:: Provided records ::

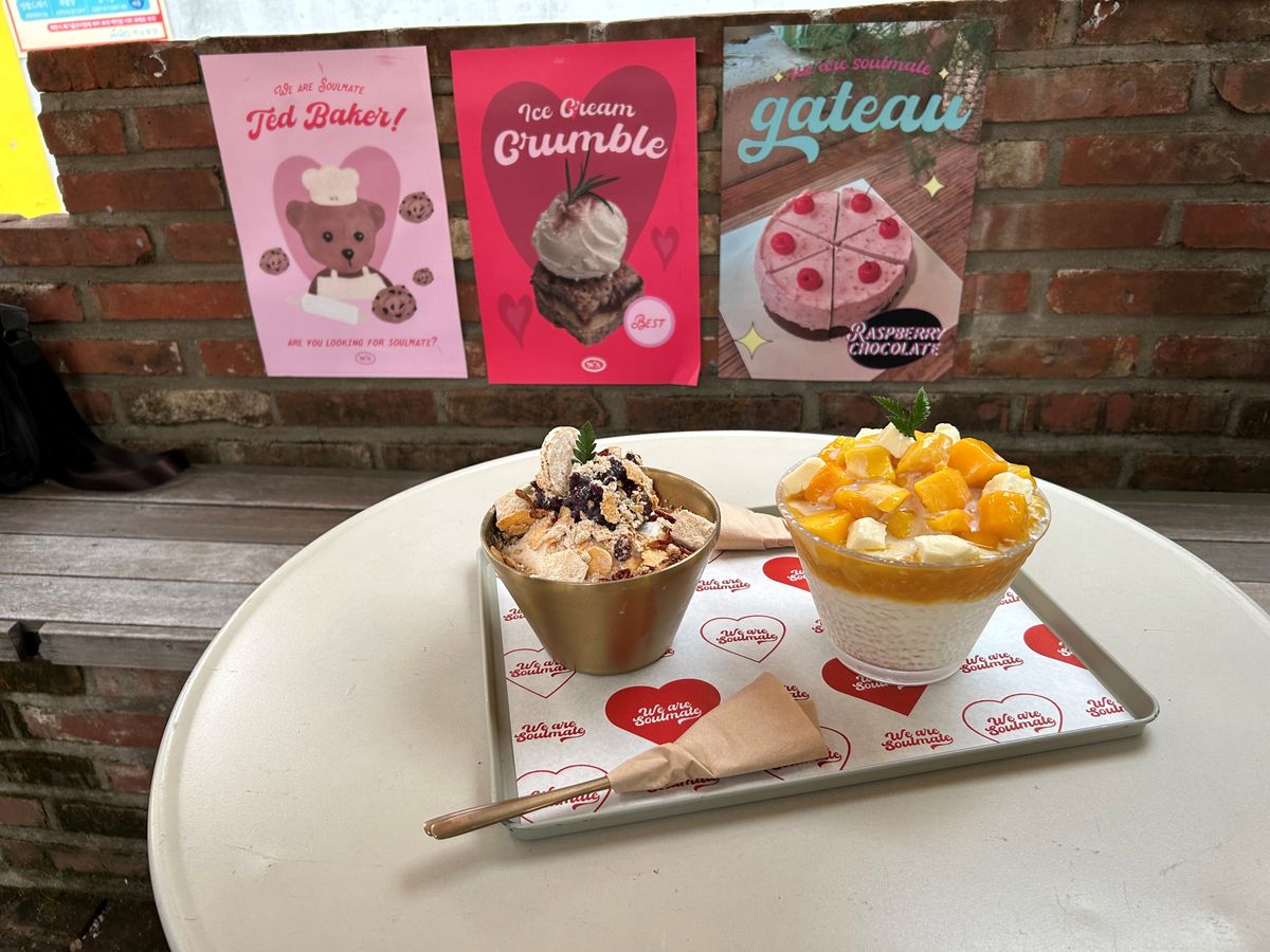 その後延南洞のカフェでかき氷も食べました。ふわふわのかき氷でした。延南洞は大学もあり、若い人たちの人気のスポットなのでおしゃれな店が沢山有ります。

* * *

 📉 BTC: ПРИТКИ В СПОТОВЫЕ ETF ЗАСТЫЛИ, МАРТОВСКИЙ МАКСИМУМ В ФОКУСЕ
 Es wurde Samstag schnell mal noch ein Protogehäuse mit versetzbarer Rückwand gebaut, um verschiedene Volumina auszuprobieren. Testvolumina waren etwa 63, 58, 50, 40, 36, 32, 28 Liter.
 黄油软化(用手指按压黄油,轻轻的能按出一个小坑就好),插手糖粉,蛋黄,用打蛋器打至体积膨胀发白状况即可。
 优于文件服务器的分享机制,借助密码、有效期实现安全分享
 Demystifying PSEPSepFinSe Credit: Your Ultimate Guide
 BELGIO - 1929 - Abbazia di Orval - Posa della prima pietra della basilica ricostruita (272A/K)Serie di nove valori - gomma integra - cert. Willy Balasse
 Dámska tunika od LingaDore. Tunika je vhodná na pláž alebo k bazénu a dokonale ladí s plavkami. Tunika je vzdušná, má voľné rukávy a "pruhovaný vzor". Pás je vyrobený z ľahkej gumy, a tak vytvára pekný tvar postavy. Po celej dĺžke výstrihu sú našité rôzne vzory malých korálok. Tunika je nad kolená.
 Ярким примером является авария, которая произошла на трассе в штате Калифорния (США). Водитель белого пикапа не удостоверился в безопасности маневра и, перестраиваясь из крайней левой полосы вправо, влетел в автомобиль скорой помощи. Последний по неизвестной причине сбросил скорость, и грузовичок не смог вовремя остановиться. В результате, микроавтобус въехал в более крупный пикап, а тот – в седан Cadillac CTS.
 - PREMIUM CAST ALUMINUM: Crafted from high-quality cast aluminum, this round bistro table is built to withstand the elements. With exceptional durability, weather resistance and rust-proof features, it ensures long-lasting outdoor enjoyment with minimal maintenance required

* * *

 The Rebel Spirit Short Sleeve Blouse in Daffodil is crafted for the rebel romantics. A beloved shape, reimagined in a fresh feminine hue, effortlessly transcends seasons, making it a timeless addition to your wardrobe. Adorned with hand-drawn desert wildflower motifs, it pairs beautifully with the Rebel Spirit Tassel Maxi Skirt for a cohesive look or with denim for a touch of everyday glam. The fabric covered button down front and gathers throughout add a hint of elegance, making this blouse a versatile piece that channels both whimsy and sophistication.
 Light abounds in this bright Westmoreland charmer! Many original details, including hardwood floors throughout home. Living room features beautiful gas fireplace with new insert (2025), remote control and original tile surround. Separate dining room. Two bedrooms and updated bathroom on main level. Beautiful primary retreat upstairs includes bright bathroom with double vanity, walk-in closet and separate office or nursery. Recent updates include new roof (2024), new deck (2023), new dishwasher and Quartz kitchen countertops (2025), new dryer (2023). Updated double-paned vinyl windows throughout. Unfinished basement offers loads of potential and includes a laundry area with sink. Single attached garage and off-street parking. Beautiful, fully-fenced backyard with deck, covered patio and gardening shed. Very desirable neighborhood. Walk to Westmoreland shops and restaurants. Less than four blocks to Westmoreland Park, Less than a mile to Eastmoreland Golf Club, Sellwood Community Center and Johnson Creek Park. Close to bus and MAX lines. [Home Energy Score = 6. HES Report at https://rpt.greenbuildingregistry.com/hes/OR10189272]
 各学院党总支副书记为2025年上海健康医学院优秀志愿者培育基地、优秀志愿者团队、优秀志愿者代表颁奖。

:: What the task asks ::
Please return the lines above that run from the line containing "Ярким примером является" to the line containing "- PREMIUM CAST", inclusive, exactly and with no other lines.

:: Written response ::
 Ярким примером является авария, которая произошла на трассе в штате Калифорния (США). Водитель белого пикапа не удостоверился в безопасности маневра и, перестраиваясь из крайней левой полосы вправо, влетел в автомобиль скорой помощи. Последний по неизвестной причине сбросил скорость, и грузовичок не смог вовремя остановиться. В результате, микроавтобус въехал в более крупный пикап, а тот – в седан Cadillac CTS.
 - PREMIUM CAST ALUMINUM: Crafted from high-quality cast aluminum, this round bistro table is built to withstand the elements. With exceptional durability, weather resistance and rust-proof features, it ensures long-lasting outdoor enjoyment with minimal maintenance required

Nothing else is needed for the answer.